One step closer to the removal of a federal minister's right to deny access to information using a conclusive certificate

The Freedom of Information (Removal of Conclusive Certificates and Other Measures) Bill 2008 is finally before the Australian Parliament and the text can be found at Com Law.

The primary purpose of the Bill is to repeal the power to issue conclusive certificates in the Freedom of Information Act 1982 (the FOI Act) and the Archives Act 1983 (the Archives Act) for all exemption provisions where certificates may be issued.
The proposal to repeal the power to issue conclusive certificates forms part of the Government's 2007 election commitments made in its policy statement, Government information: restoring trust and integrity.
The effect of the repeal of the certificate power will be that the AAT may undertake full merits review of all exemption claims.
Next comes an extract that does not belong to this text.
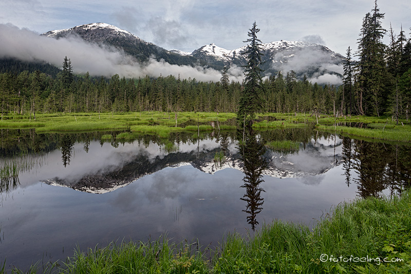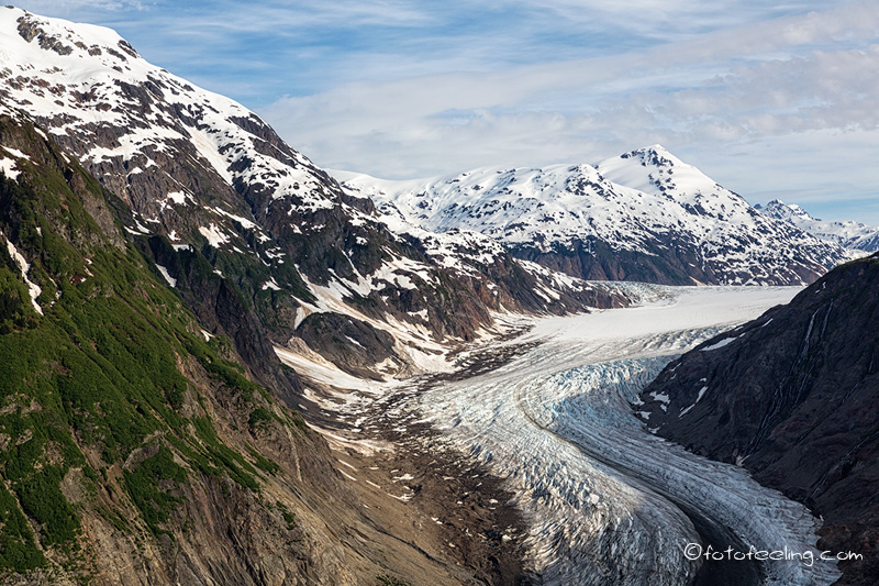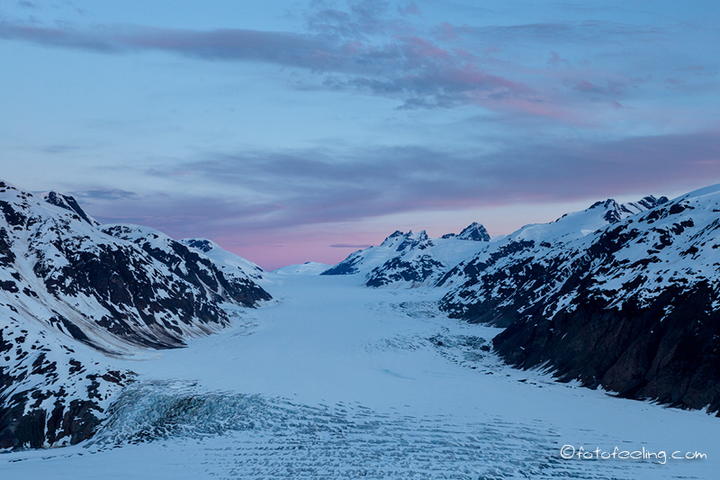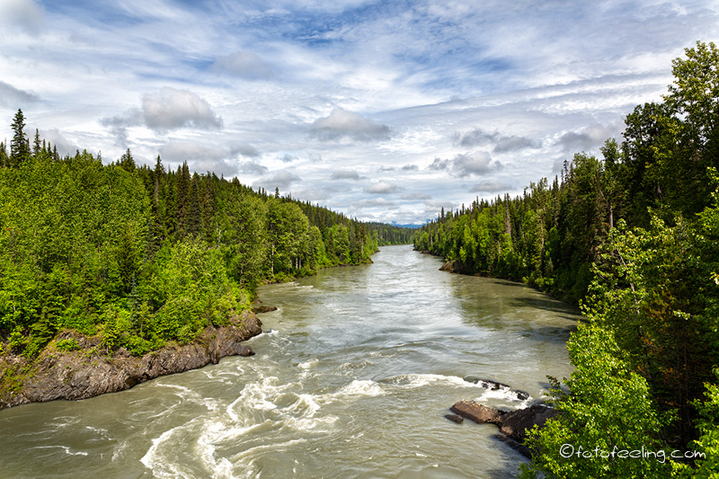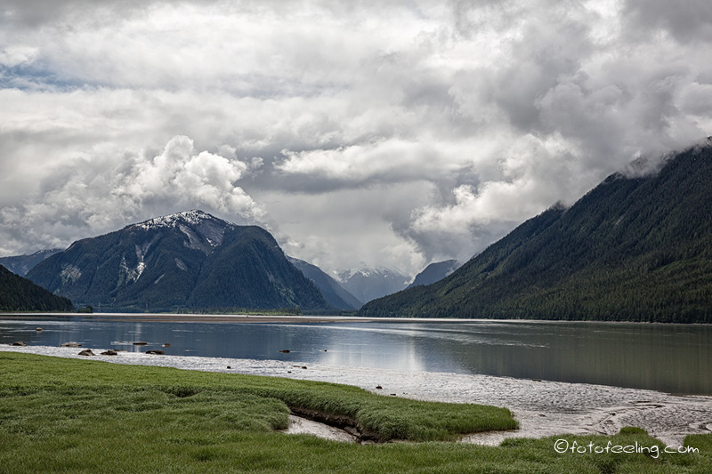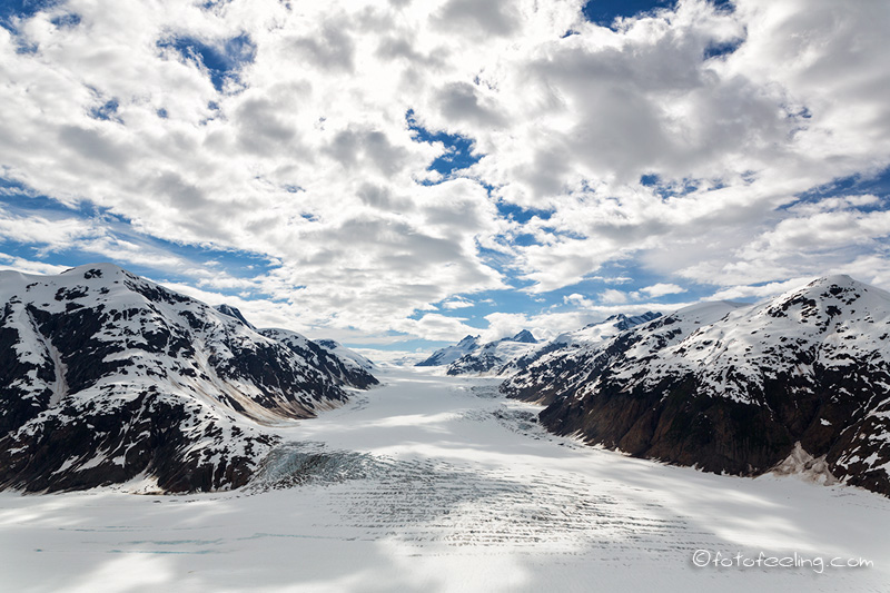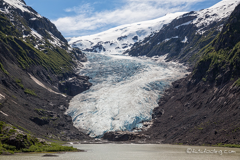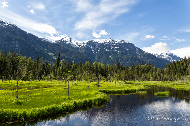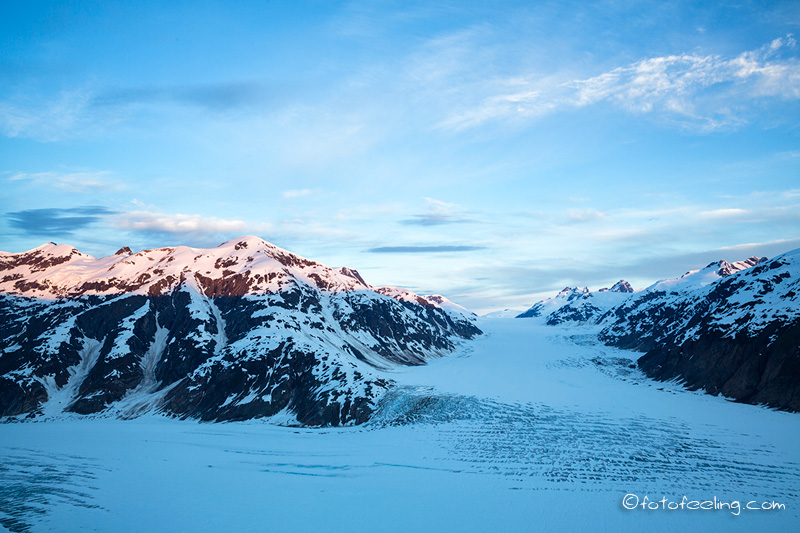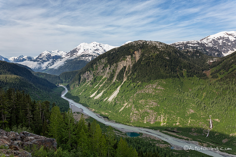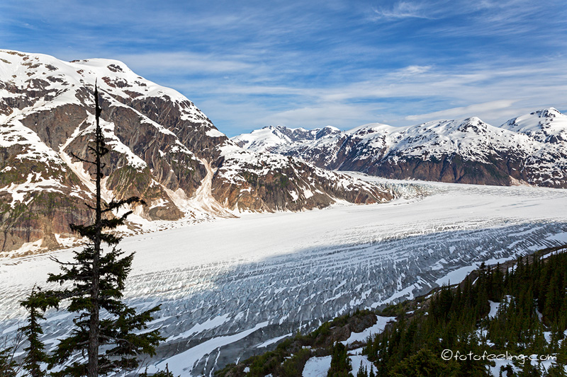 Auf brandneuer Teerstraße fuhren wir entlang des Salmon River unserem Tagesziel entgegen. Hohe schneebedeckte Berge bildeten die natürliche Flussumrandung. Wir kamen an dem Stegsystem des Fish Creek vorbei, wo sich im Herbst die Lachse, Bären und Menschen tummeln, aber momentan lag hier alles im Dornröschenschlaf. Die Landschaft war wieder einmal zum Niederknien, aber wir hatten keine Zeit zum Verweilen, denn die Wolken wurden dichter und wir wollten unbedingt noch bei Sonnenschein den Gletscher erreichen.
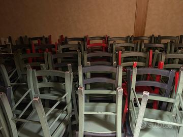 Vendo circa 80 sedie da ristorante , in buono stato, colori vari come da foto. Prezzo 10€ l’una Quantità minima 10 sedie.

This Bill does not seek to alter the exemption provisions in Part IV of the FOI Act or in Division 3 Part V of the Archives Act, except to the extent that it repeals the power to issue conclusive certificates. Where a document or record properly falls within an exemption category in those Acts (for example, documents affecting personal privacy or documents whose release could damage national security, defence or international relations), access may be refused.
Existing conclusive certificates will be revoked if and when a new request for access to a document or record covered by a certificate is received.